Mama finally looked directly at me. Nana had wanted to leave. For the first time in two years, Mama looked at me the same way I looked at Nana when the apartment door closed. With a look of sureness, Mama acknowledged that Nana had died.
It was then I knew that Mama had finally said goodbye.
***
I never thought I’d survive the loss of a loved one, but things have been changing.
Mama has started giving me Nana’s old hoodie and socks to wear. She started sharing her favourite stories about him at the breakfast table. I think she knows now that Nana’s memory doesn’t haunt her, instead, Nana’s memories have always celebrated her, and in turn, Mama now celebrates her unwavering love for Nana.
We used to think Nana’s last breath of anger fossilized his legacy, like a fly trapped in amber. But his breath was just one of many, and it took us months to realize that.

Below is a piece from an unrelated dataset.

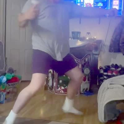 A man punches the air with virtual reality goggles on in the living room. Then a dog barks at him and jumps on his groin.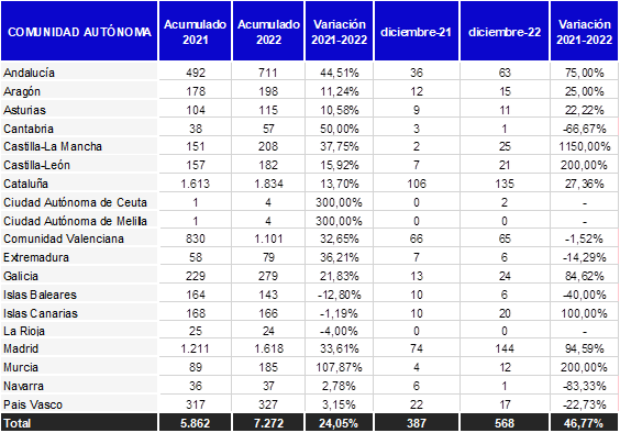 Nathalie Gianese, directora de Estudios de Informa D&B comenta que: “2022 cierra con la cifra de concursos más elevada desde 2013, la tercera más alta de la última década, tras el significativo incremento en el número de procesos registrado a partir de julio por el fin de la moratoria concursal”.

Still, how do I prepare for a loss I know will break me?
I think Nana prepared me to accept living as a responsibility. One day, I’ll be on my own, and I’ll miss Mama’s hugs. But Mama will miss nothing because in another life, Mama will have found a certain kind of peace the noise of our immigrant life never gave her. One day in this life, I will continue living with a sureness—the sureness of a parent dropping their child off at daycare.
There is relief in carrying a burden for someone else. Sometimes that burden is living, breathing, seething, sleeping, but always waking up. I found hope shovelling dirt onto a familiar face and turning the light off in a bedroom with a stiff mattress this summer. I found hope that suffering would end.
I think Mama and I are less anxious about living and losing now. Life and loss are funny like that because maybe they’re the same thing—always preparing us for the other.